DATA FOR THIS TASK:

____________

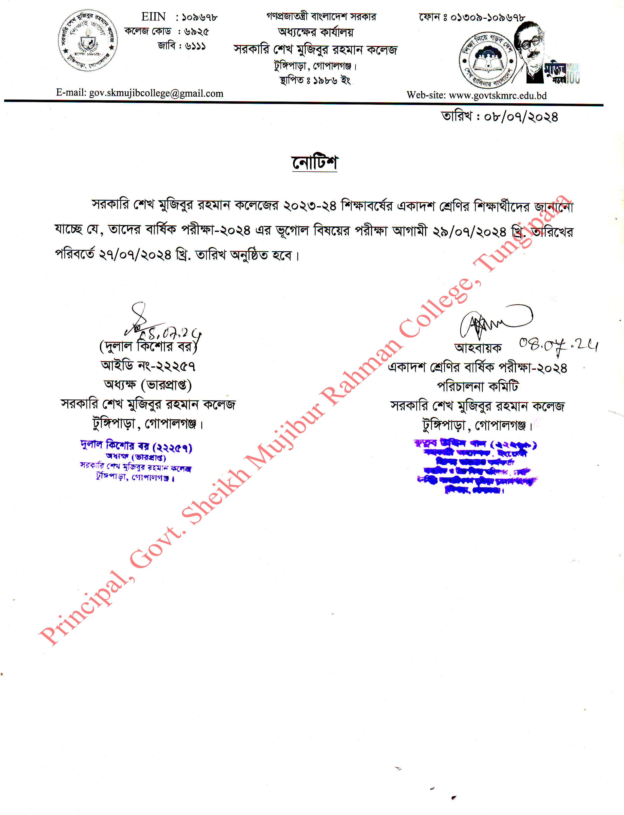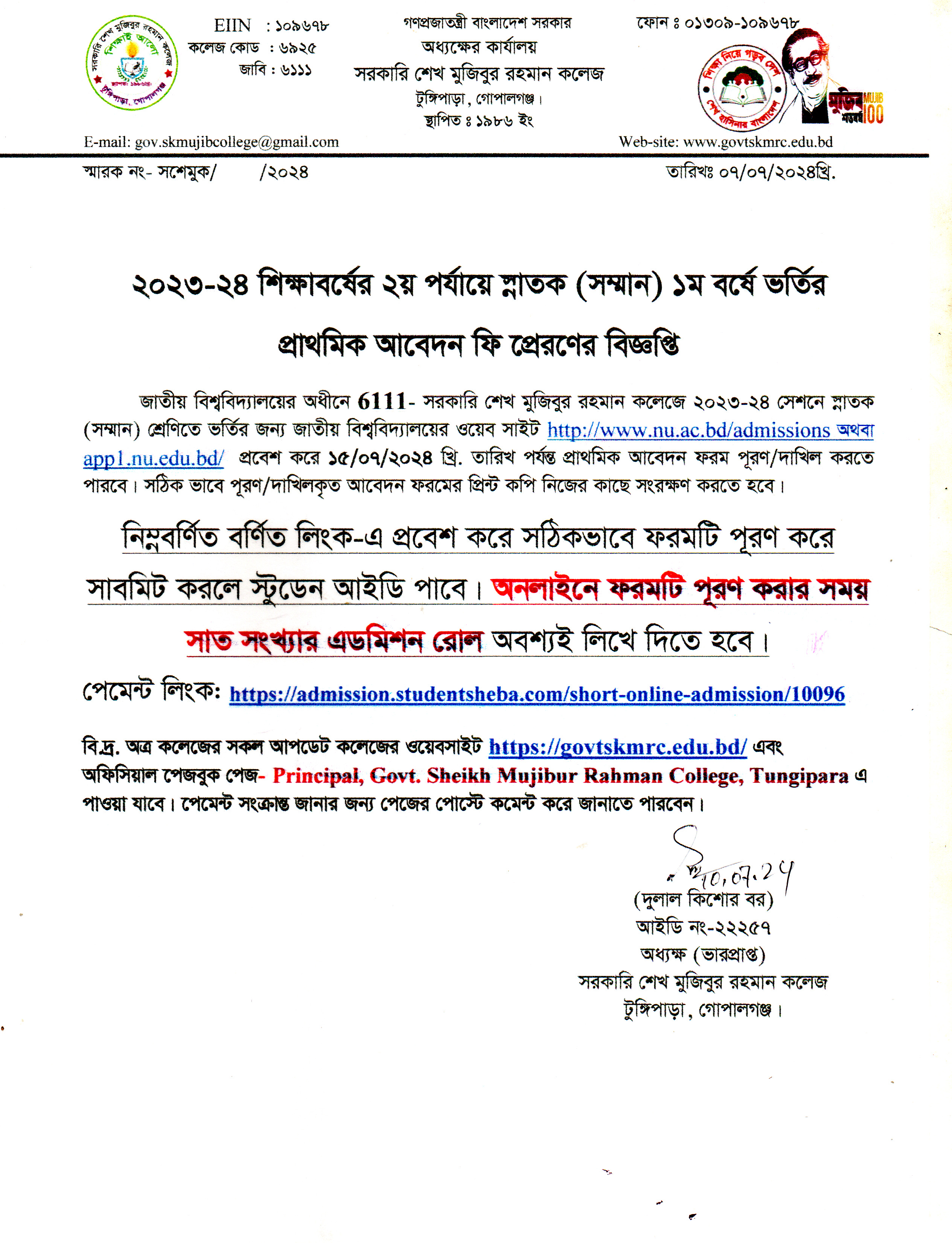 ২০২৪-২৫ শিক্ষাবর্ষের শিক্ষার্থদের একাদশ শ্রেণিতে ভর্তির বিজ্ঞপ্তি
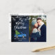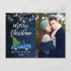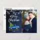Camión de color de agua rústico de madera con árbol de Navidad - Postal de foto de la pareja de navidad con luces de cadena de macarrones. Camión Azul, Madera Azul.
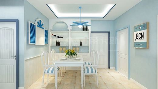 客廳的旁邊就是餐廳,開放式的布局顯得更為寬敞明亮。餐廳里墻面上是地中海的掛畫和裝飾,充滿濃濃地中海風(fēng)情。
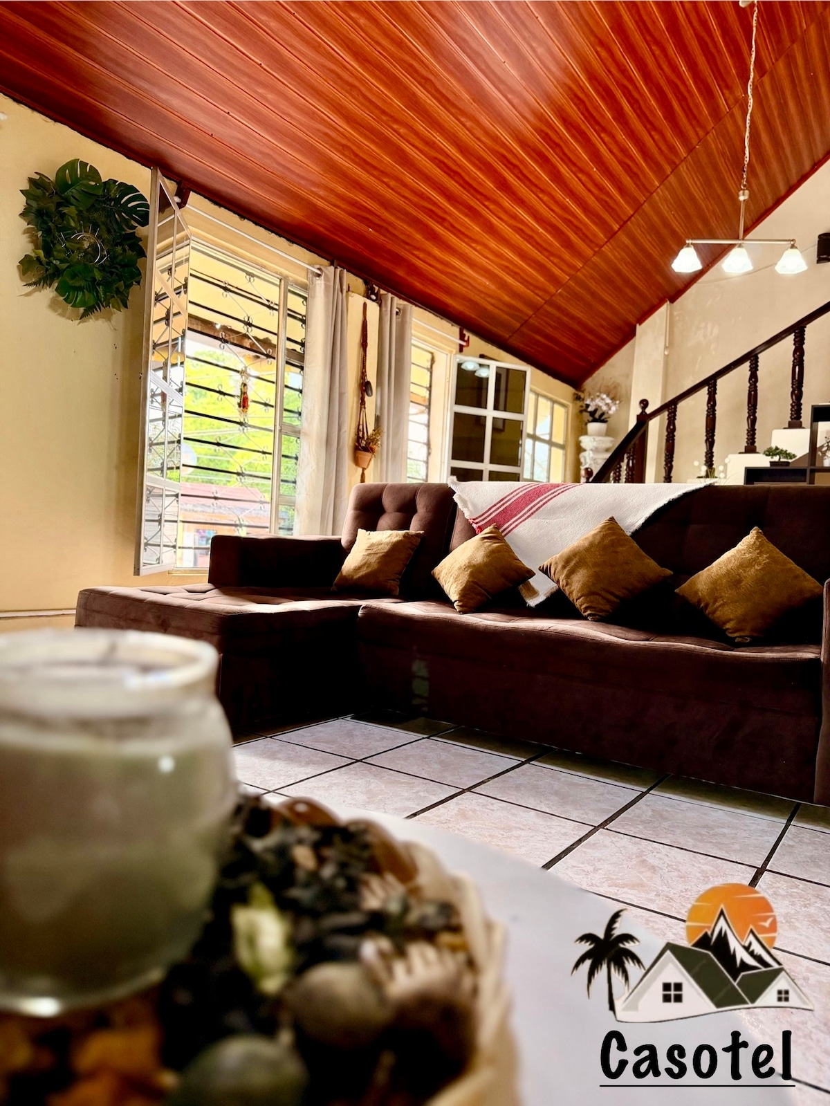 Relájate con toda la familia en este alojamiento donde la tranquilidad se respira. Ubicada en un entorno sereno y seguro, La Casa de Emi es el lugar ideal para desconectar y disfrutar de la paz que ofrece la naturaleza. Cuenta con amplios ventanales donde podrás admirar impresionantes vistas de volcanes y los celajes que cambian de color a medida que avanza el día. Con un diseño acogedor y moderno, está pensada para ofrecerte la máxima comodidad y seguridad, garantizando una estadía relajante.
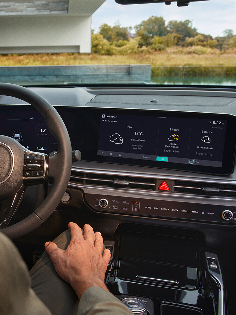 Verbinde dein Telefon über die Kia Connect App¹ nahtlos mit deinem Sorento und nutze zusätzliche Komfortfeatures, Sicherheitsfunktionen und Support-Dienste. Die On-Board-Services halten dich über Echtzeit-Verkehrsdaten, Ladestationen in der Nähe, Parkmöglichkeiten, das Wetter und viele andere nützliche Dinge auf dem Laufenden. Genauso praktisch sind die Off-Board-Services: Batteriekontrolle, Klimakontrolle und Last-Mile-Navigation, um nur einige der vielen Funktionen zu nennen.³ ⁴

____________

BRIEF:
Exactly as they appear above, write out all the entries, without pictures.

PROBLEM SOLUTION:
 ২০২৪-২৫ শিক্ষাবর্ষের শিক্ষার্থদের একাদশ শ্রেণিতে ভর্তির বিজ্ঞপ্তি
Camión de color de agua rústico de madera con árbol de Navidad - Postal de foto de la pareja de navidad con luces de cadena de macarrones. Camión Azul, Madera Azul.
 客廳的旁邊就是餐廳,開放式的布局顯得更為寬敞明亮。餐廳里墻面上是地中海的掛畫和裝飾,充滿濃濃地中海風(fēng)情。
 Relájate con toda la familia en este alojamiento donde la tranquilidad se respira. Ubicada en un entorno sereno y seguro, La Casa de Emi es el lugar ideal para desconectar y disfrutar de la paz que ofrece la naturaleza. Cuenta con amplios ventanales donde podrás admirar impresionantes vistas de volcanes y los celajes que cambian de color a medida que avanza el día. Con un diseño acogedor y moderno, está pensada para ofrecerte la máxima comodidad y seguridad, garantizando una estadía relajante.
 Verbinde dein Telefon über die Kia Connect App¹ nahtlos mit deinem Sorento und nutze zusätzliche Komfortfeatures, Sicherheitsfunktionen und Support-Dienste. Die On-Board-Services halten dich über Echtzeit-Verkehrsdaten, Ladestationen in der Nähe, Parkmöglichkeiten, das Wetter und viele andere nützliche Dinge auf dem Laufenden. Genauso praktisch sind die Off-Board-Services: Batteriekontrolle, Klimakontrolle und Last-Mile-Navigation, um nur einige der vielen Funktionen zu nennen.³ ⁴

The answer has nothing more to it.